“And she offered fifty dollars for your hair!” Everard continued, stroking with his hand the chestnut brown tresses flowing down Rossie’s back.

“Yes, she did; but I could not part with my hair even to oblige her. Of course I should give it to her, not sell it, but I can’t spare it.”

What an unselfish child she was, Everard thought, and yet she was so unlike the golden-haired Josephine, who would make fun of such a plain, simple, unformed girl as Rosamond, and call her green and awkward and countrified; and perhaps she was all these, but she was so good, and pure, and truthful that he felt abashed before her and shrank from the earnest, truthful eyes that rested so proudly on him, lest they should read more than he cared to have them.

Outside, in the hall, there was the sound of a heavy step, and the next moment there appeared in the door a tall, heavily-built man of fifty, with iron-gray hair and keen, restless eyes, which always seemed on the alert to discover something hidden, and drag it to the light. Judge Forrest meant to be a just man, but, like many just men, when the justice is not tempered with mercy, he was harsh and hard with those who did not come up to his standard of integrity, and seldom made allowances for one’s youth or inexperience, or the peculiar temptations which might have assailed them. Though looked up to as the great man of the town, he was far less popular with the people of Rothsay than his scamp of a son, with whom they thought him unnecessarily strict and close. It was well known that there was generally trouble between them and always on the money question, for Everard was a spendthrift, and scattered his dollars right and left with a reckless generosity and thoughtlessness, while the judge was the reverse, and gave out every cent not absolutely needed with an unwillingness which amounted to actual stinginess. And now he stood at the door, tall, grand-looking, and cold as an icicle, and his first greeting was:

“I thought I should track you by the tobacco smoke; they told me you were here. How do you do, sir?”

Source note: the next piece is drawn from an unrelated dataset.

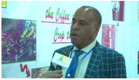
...ነከገሬችን ሳንመጣ ነና ተጨማሪ ገንዘብ ሳንመጣ ነገላዎን ዘረድ ነገላዎን ደንበኞች ጋር መገናኘት ትኩረት (ምክር ዳኛ (ከአዳማ ጉ.የተ.የግ, ማክ))

ለእነዚህ የሚሆኑ ዘይቶች እና ማለስለሽ ቅባቶች እናቀርባለን። በኢትዮጵያ ሰፊ ገበያ እንዳለ አውቀናል። ስለዚህ በቀጣይ ገበያችንን ለማስፋት እንፈልጋለን። በርካታ ደንበኞች ጋር ተገናኝተናል። እስከ አሁን ያለው ነገር ጥሩ ነው።

It was strange the effect that voice had upon Everard, who, from an indolent, care-for-nothing, easy-going youth was transformed into a circumspect, dignified young man, who rose at once, and, taking his father’s hand, said that he was very well, had come on the morning train from Cleveland, and had started as soon as he could after receiving the telegram.

“It must have been delayed, then. You ought to have had it Wednesday morning,” Judge Forrest replied: and blushing like a girl Everard said that it did reach Ellicottville Wednesday, but he was in Holburton, just over the line in New York.

“And what were you doing at Holburton?” the father asked, always suspicious of some new trick or escapade for which he would have to pay.

“I was invited there to an entertainment,” Everard said, growing still redder and more confused. “You know I boarded there a few weeks last summer, and have acquaintances, so I went down the night before, and Stafford came the next day and brought the telegram, but did not tell me till the play was over and we were in our room; then it was too late, but I took the first train in the morning. I hope my delay has not made mother worse. I am very sorry, sir.”

He had made his explanation, which his father accepted without a suspicion of the chasm bridged over in silence.